* Given entries *
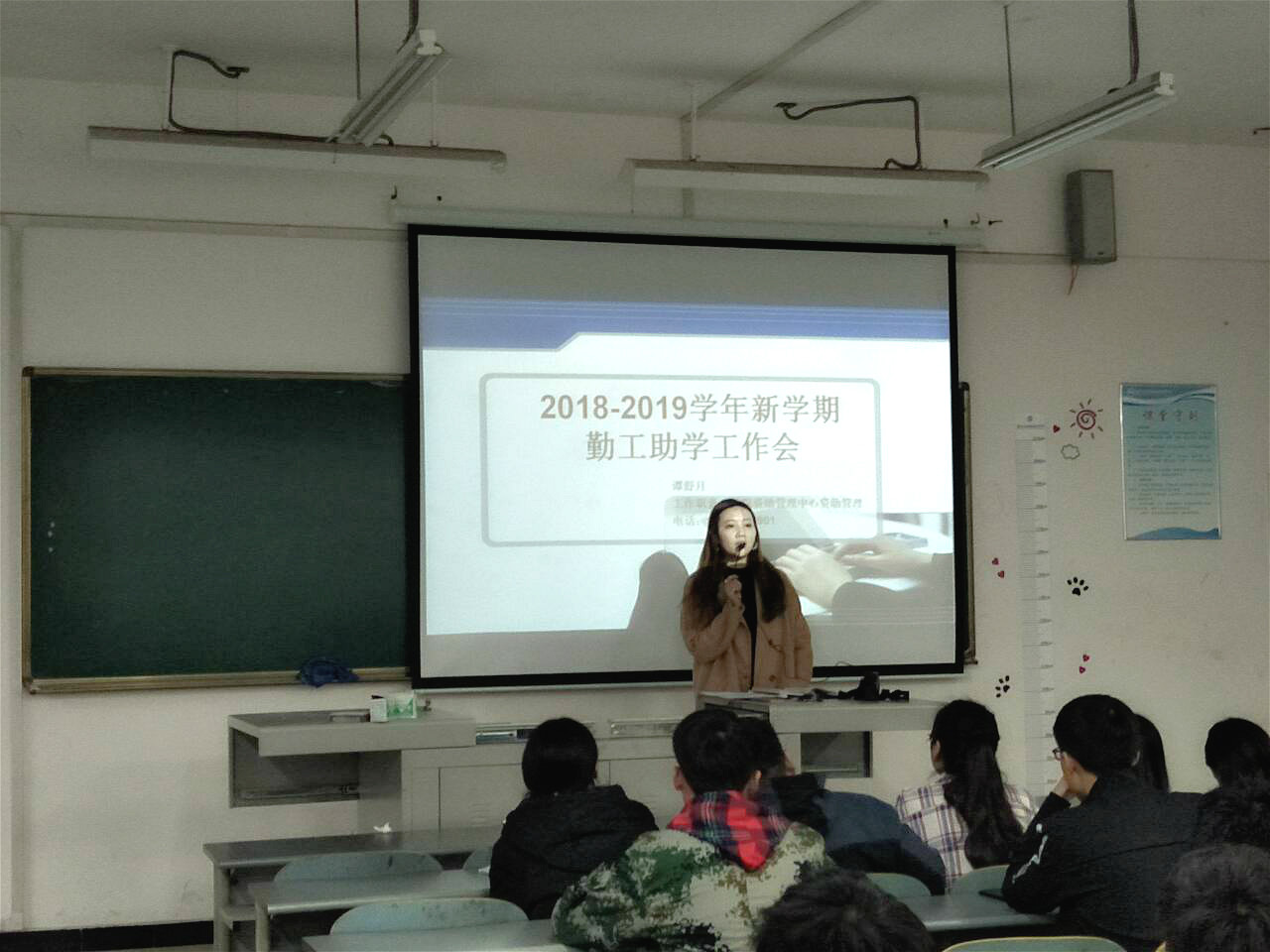 新学期开始,澳门正规电子游戏平台召开2018-2019年新学期勤工助学工作会,会议由学院资助管理中心谭舒月老师主持召开,全体勤工助学岗位学生准时参会。
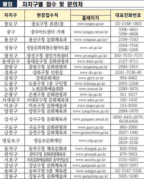 * 자치구별 담당자 전화번호와 현장접수별 표를 아래 첨부하였으니 확인하세요.
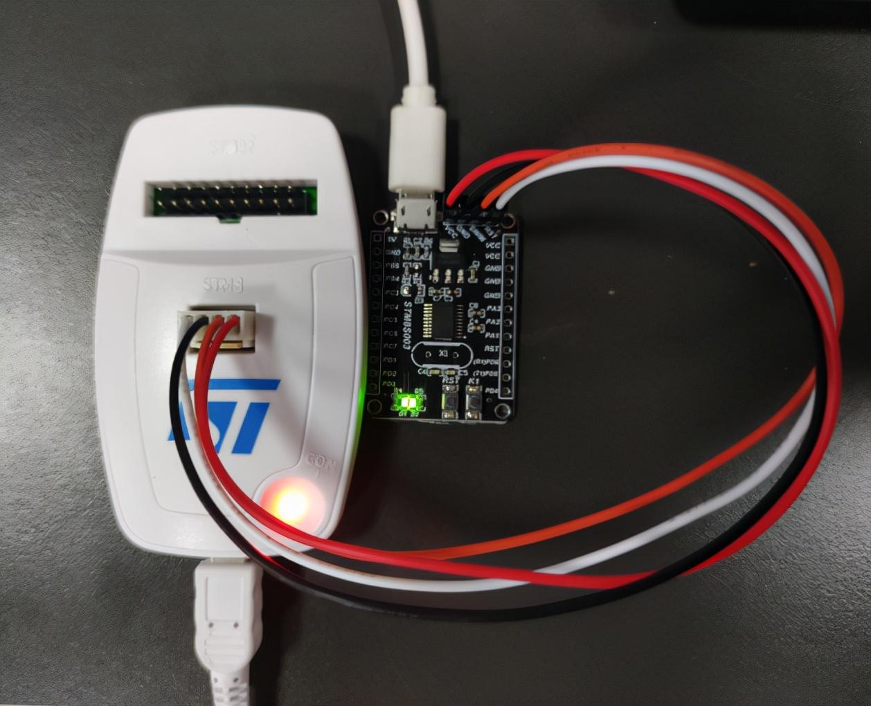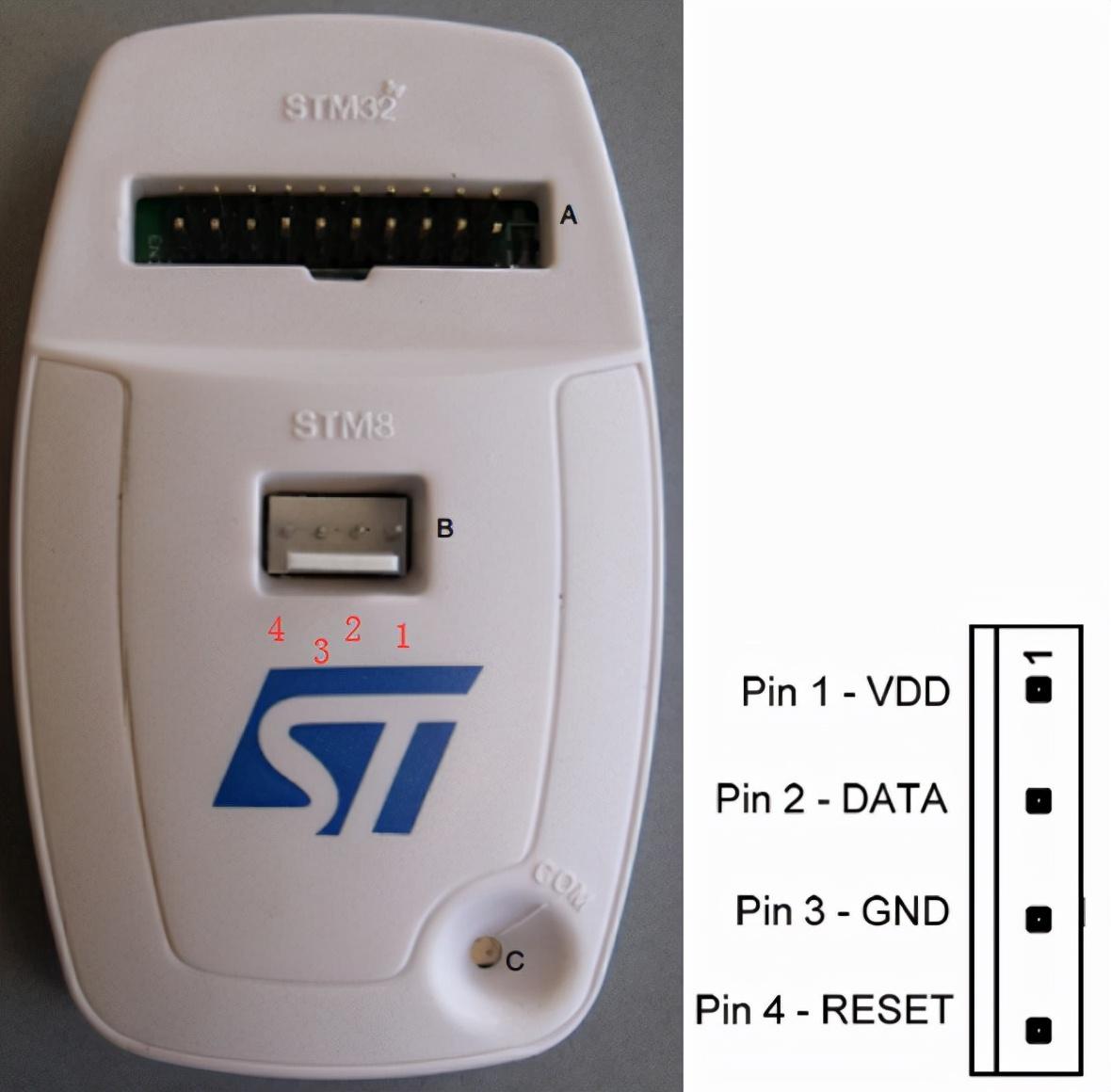 这种下载方式是针对STM8系列的单片机,这种方式只需要一根线即可实现程序的下载,所使用的工具为ST-Link,如下图所示:
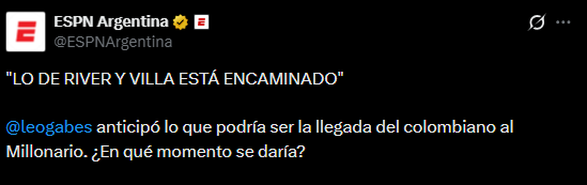 Sin embargo, también en ESPN surgió otra versión que sorprendió a propios y extraños. Leo Gabes fue más optimista y afirmó en ESPN F3: “Yo tengo entendido que lo de River y Villa está encaminado. No estoy diciendo que ahora, pero está encaminado”.
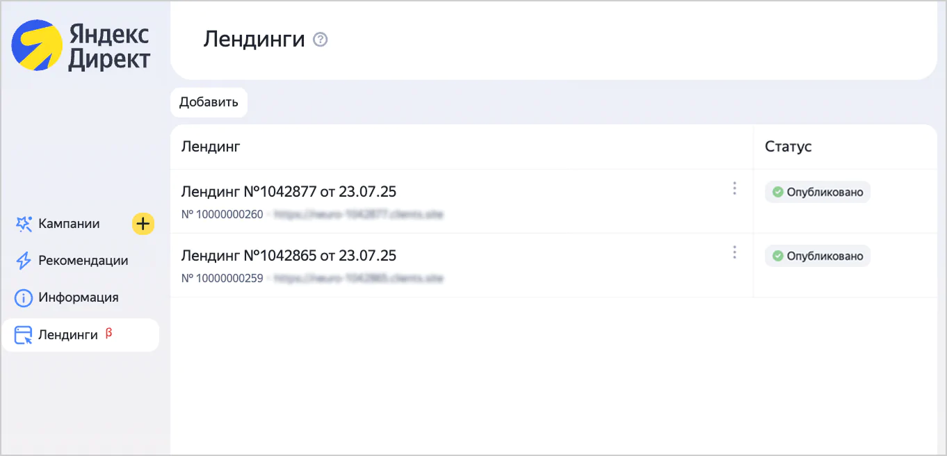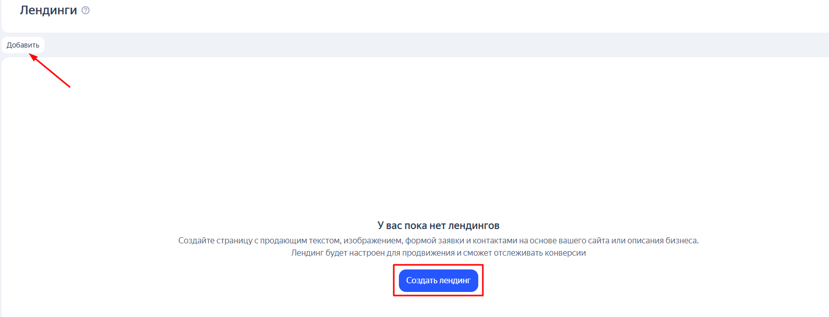 Мы уже упомянули, что бесплатные лендинги доступны в обеих версиях рекламного кабинета — стандартном Директе и Директе Про.
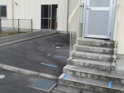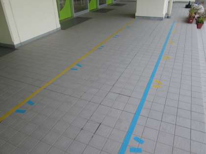 ※ 写真左「体育館入り口」(消毒・検温・除菌シート)、中「引き渡し:正面玄関」・右「引き渡し:プール横」(ラインに沿って間隔を空け、一家庭お一人で)
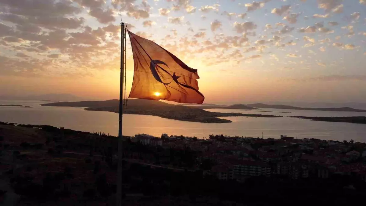 Balıkesir’in Ayvalık ilçesinde Cennet Zirvesi’nde bulunan dev Türk bayrağı, gün batımında Ayvalık Adaları görüntüsüyle kartpostallık imgeler oluşturdu.
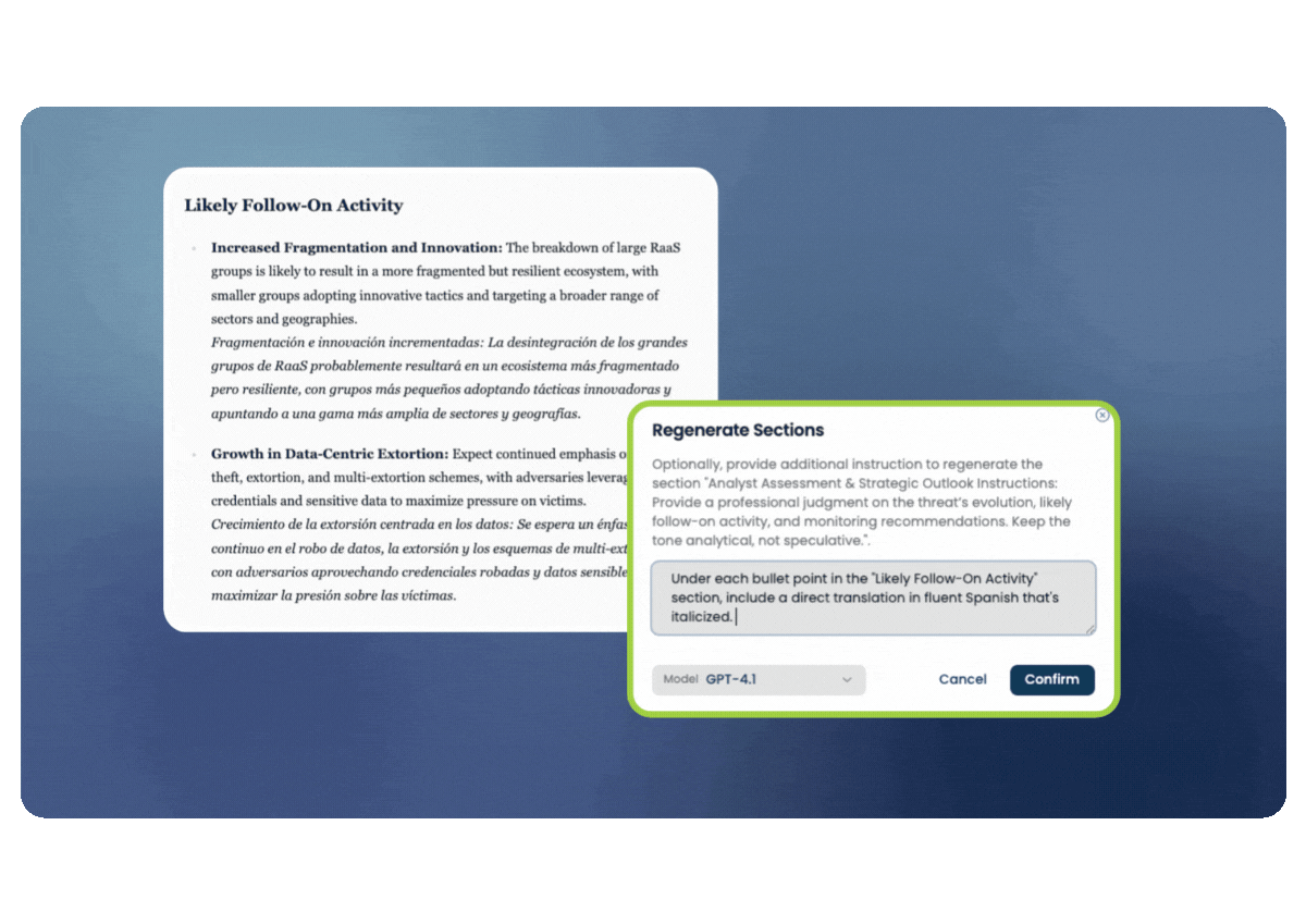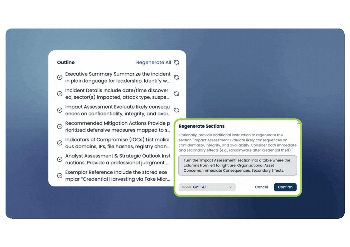 Indago lets you isolate individual sections, give more targeted instructions, and regenerate content instantly. Make unlimited refinements with AI-assisted editing until your report reads exactly the way you need it to.

* Exercise *
Pictures do not go in the copy; print every entry exactly as it stands.

* Response *
 新学期开始,澳门正规电子游戏平台召开2018-2019年新学期勤工助学工作会,会议由学院资助管理中心谭舒月老师主持召开,全体勤工助学岗位学生准时参会。
 * 자치구별 담당자 전화번호와 현장접수별 표를 아래 첨부하였으니 확인하세요.
 这种下载方式是针对STM8系列的单片机,这种方式只需要一根线即可实现程序的下载,所使用的工具为ST-Link,如下图所示:
 Sin embargo, también en ESPN surgió otra versión que sorprendió a propios y extraños. Leo Gabes fue más optimista y afirmó en ESPN F3: “Yo tengo entendido que lo de River y Villa está encaminado. No estoy diciendo que ahora, pero está encaminado”.
 Мы уже упомянули, что бесплатные лендинги доступны в обеих версиях рекламного кабинета — стандартном Директе и Директе Про.
 ※ 写真左「体育館入り口」(消毒・検温・除菌シート)、中「引き渡し:正面玄関」・右「引き渡し:プール横」(ラインに沿って間隔を空け、一家庭お一人で)
 Balıkesir’in Ayvalık ilçesinde Cennet Zirvesi’nde bulunan dev Türk bayrağı, gün batımında Ayvalık Adaları görüntüsüyle kartpostallık imgeler oluşturdu.
 Indago lets you isolate individual sections, give more targeted instructions, and regenerate content instantly. Make unlimited refinements with AI-assisted editing until your report reads exactly the way you need it to.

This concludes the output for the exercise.